== Segment start ==

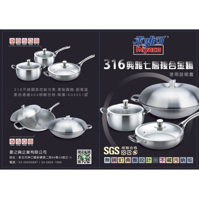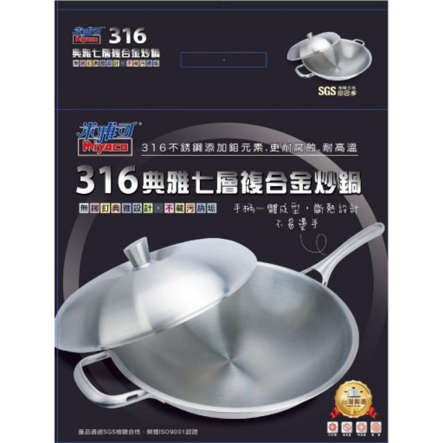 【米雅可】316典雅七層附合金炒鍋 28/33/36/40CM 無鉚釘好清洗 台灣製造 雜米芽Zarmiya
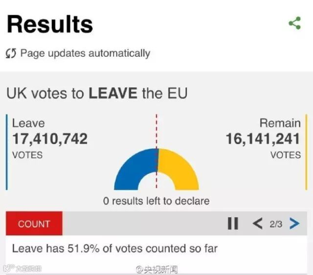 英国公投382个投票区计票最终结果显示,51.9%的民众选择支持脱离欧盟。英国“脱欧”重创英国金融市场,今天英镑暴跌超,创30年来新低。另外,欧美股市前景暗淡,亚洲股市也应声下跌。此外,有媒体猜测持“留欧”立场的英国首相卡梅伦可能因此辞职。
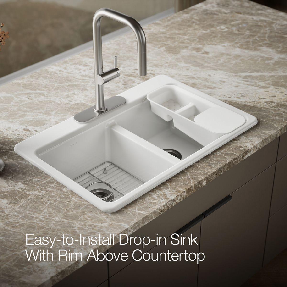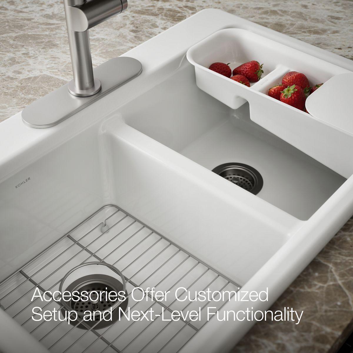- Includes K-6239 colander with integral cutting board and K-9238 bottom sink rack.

== Segment end ==
== Segment start ==

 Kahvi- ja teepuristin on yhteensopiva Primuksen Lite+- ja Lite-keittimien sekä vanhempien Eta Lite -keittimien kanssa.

== Segment end ==

### EXERCISE BRIEF
Where a picture appears in the records above, omit it, and transcribe exactly the stretch of lines from the one with "無鉚釘好清洗 台灣製造 雜米芽Zarmiya" through the one with "- Includes K-6239".

### EXERCISE OUTPUT
 【米雅可】316典雅七層附合金炒鍋 28/33/36/40CM 無鉚釘好清洗 台灣製造 雜米芽Zarmiya
 英国公投382个投票区计票最终结果显示,51.9%的民众选择支持脱离欧盟。英国“脱欧”重创英国金融市场,今天英镑暴跌超,创30年来新低。另外,欧美股市前景暗淡,亚洲股市也应声下跌。此外,有媒体猜测持“留欧”立场的英国首相卡梅伦可能因此辞职。
- Includes K-6239 colander with integral cutting board and K-9238 bottom sink rack.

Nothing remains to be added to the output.